Without a lead larger than five points in the stretch, the Falcons responded to their mistakes with
strong defense and a handful of tough shots to outlast Eastern Michigan 62-59 at the Stroh Center.
“The biggest thing is we never gave up. We never put our heads down and started to mope or any of that
stuff,” BG head coach Michael Huger said. “We continued to defend and that was what it was. We were able
to get the stops we needed at the end.”
BG, which remains tied with Akron atop the MAC East standings, improved to 14-5 overall and 5-1 in the
MAC. EMU, which has now lost three league games by three points or less, dropped to 10-9 and 0-6.
Bowling Green began to find answers to EMU’s suffocating two-three zone, holding its largest lead — 12
points — midway through the second half. Its lead was slowly wiped away to a 51-51 tie with 5:50 to
play.
Mike Laster, who leads the MAC in assist-to-turnover ratio, helped snap a five-minute scoring drought
with one of his team-high four assists on a bounce pass to Trey Diggs in the right corner. Diggs buried
the triple for a 54-51 lead with 4:29 remaining.
But EMU answered with a pair of free throws a minute later before Diggs missed the first foul shot of a
one-and-one and Laster slapped an Eagles 3-point shooter on the arm just seconds later. Marcus Gibbs hit
two of three free throws to take a 55-54 lead — the Eagles’ first lead since the first half.
Despite three more missed free throws in the final 2:05 for BG, Justin Turner immediately answered EMU’s
one-point lead with a couple dribble moves atop the 3-point arc before driving into the paint and
sinking a long floater.
Daeqwon Plowden stretched the lead to 58-55 just over a minute later with a jab step into a pull-up
jumper from the right block before Turner — while falling backward after absorbing contact — canned
another layup to keep the lead at three. Turner then hit BG’s only two free throws in the final minutes
to take a 62-57 lead with 18.5 seconds left.

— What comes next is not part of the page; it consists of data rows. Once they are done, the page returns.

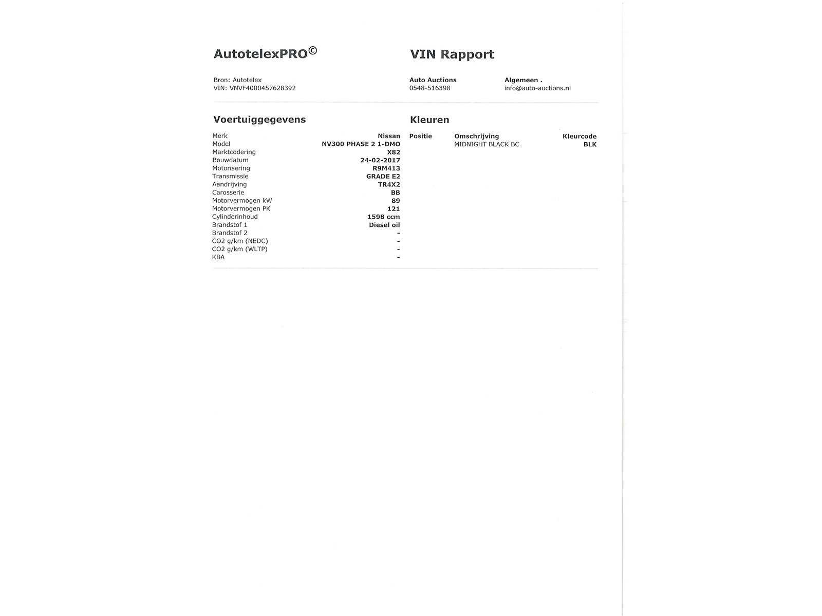 Voor vragen kunt u mailen naar info@auto-auctions.nl Chassisnummer/Vin: VNVF4000457628392 Kenteken: V-386-FL Merk: Nissan Model: NV300 Type: 1.6 dCi 120 L2H1 Optima DC Comfort Afgelezen kilometerstand: 237940km Cilinderinhoud: 1598cc Vermogen (kW): 89kW Brandstof: Diesel Chassisnummer: VNVF4000457628392 Laadvermogen: 1065kg NAP status: Logisch Datum eerste toelating: 2017-03-22 Datum eerste toelating (NL): 2017-03-22 APK vervaldatum: 2025-04-02 Vermogen (pk): 119hp Aantal zitplaatsen: 5 Maximaal trekgewicht geremd: 750kg Kleur: niet van toepassing Transmissie: Handgeschakeld Emissieklasse: 6 Aantal deuren: 3 Aantal sleutels: 2 Ledig gewicht: 1875kg Bruto BPM (NL): 11572€ Aantal cilinders: 4 Carrosserie: Bestelwagen Onderhoudshistorie: Gedeeltelijk Aanwezig Carfax Link: https://was.carfax.eu/v0/api/ccdid/5100016408/svc/201/vinreg/V386FL/checksum/eyJhbGciOiJIUzI1NiIsInR5cCI6IkpXVCJ9.eyJleHAiOjE3NzM2NTU0MDh9.otKz5hoyGuIdIUTpnqPSctmX-Mtrc8OlAh0-LWX5RWI Start en rijdt: Ja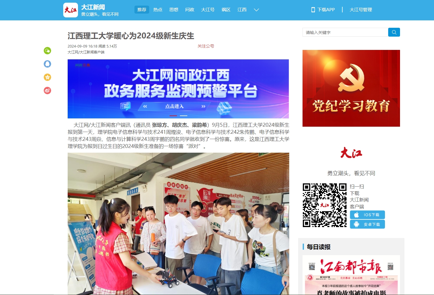 大江网/大江新闻客户端讯(通讯员张琼方、胡庆杰、梁韵希)9月5日,江西理工大学2024级新生报到第一天,理学院电子信息科学与技术241周煌浚、电子信息科学与技术242朱传鹏、电子信息科学与技术243周焱、信息与计算科学243周宇鹏的四名同学就收到了一份惊喜。原来,这是江西理工大学理学院为报到日过生日的2024级新生准备的一场惊喜“派对”。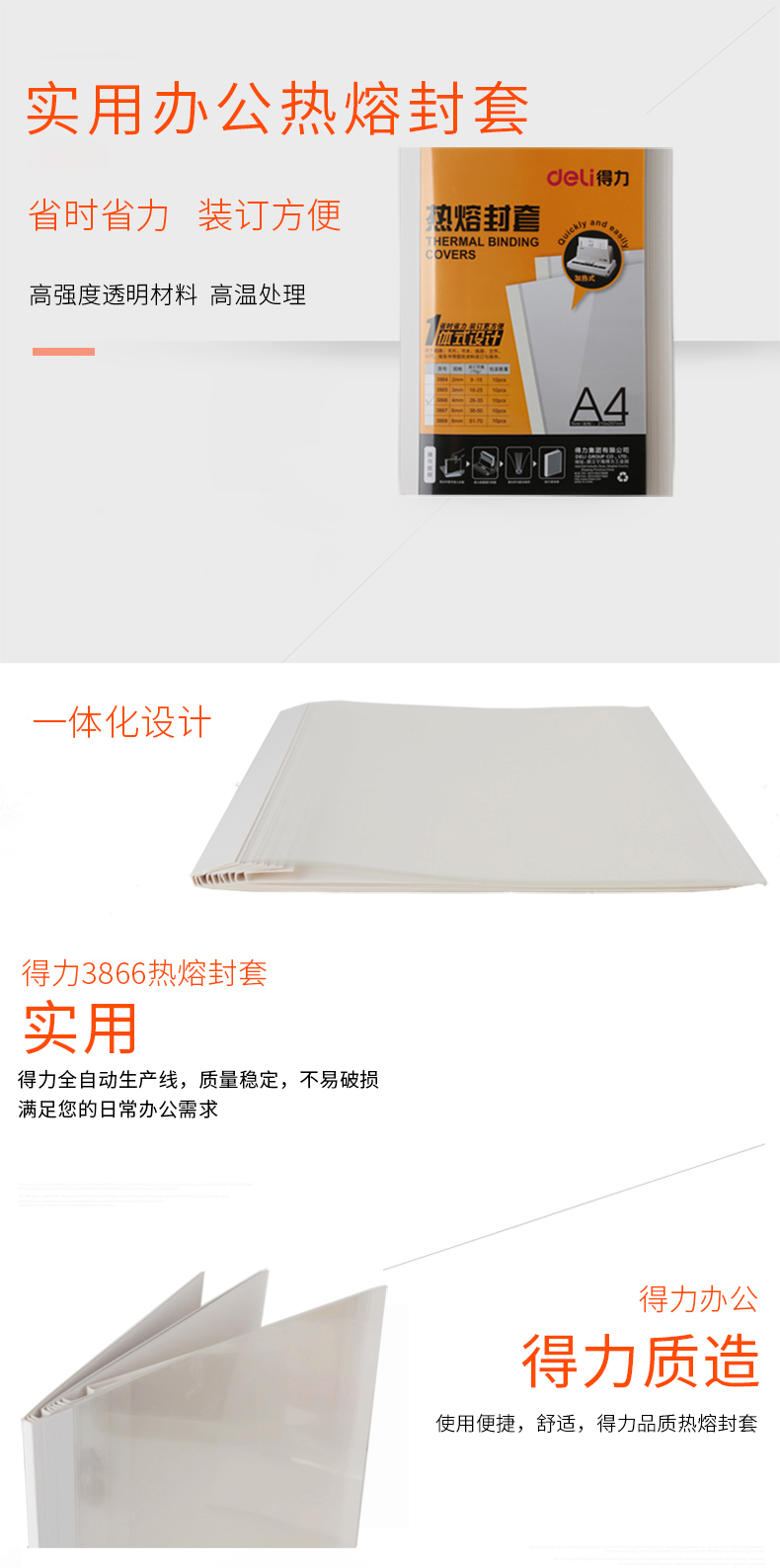 得力(deli) 塑料封套 10個 A4膠裝透明封面 裝訂合同標書紙質封皮 3869 3864 3865 3866 3867 熱熔封套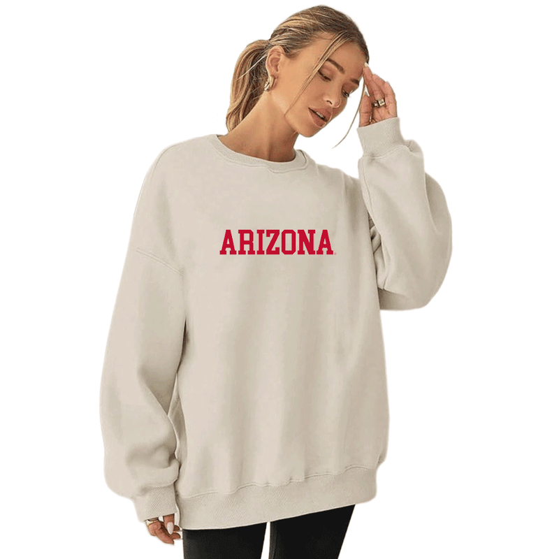 University of Arizona Embroidered Taupe Crewneck

“My mindset is doing whatever we can to win the game. And my force there would be scoring so I know that
when time’s kind of going down, that the ball kind of needs to be in my hands — whether I have to demand
it or we run a play for me,” Turner, who scored a game-high 25 points, said. “Try to get us a good look
and fortunately this game I was able to knock ‘em in.”
EMU’s zone defense is spearheaded in the middle by 7-foot center Boubacar Toure, and strengthened by
athletic wings scattered across the arc.
The zone gave the Falcons, who made just 10 field goals in the first 20 minutes, problems in the first
half. BG added just 13 more field goals in the second half and finished with a pedestrian 36.5 shooting
percentage.
But Bowling Green knew how to attack.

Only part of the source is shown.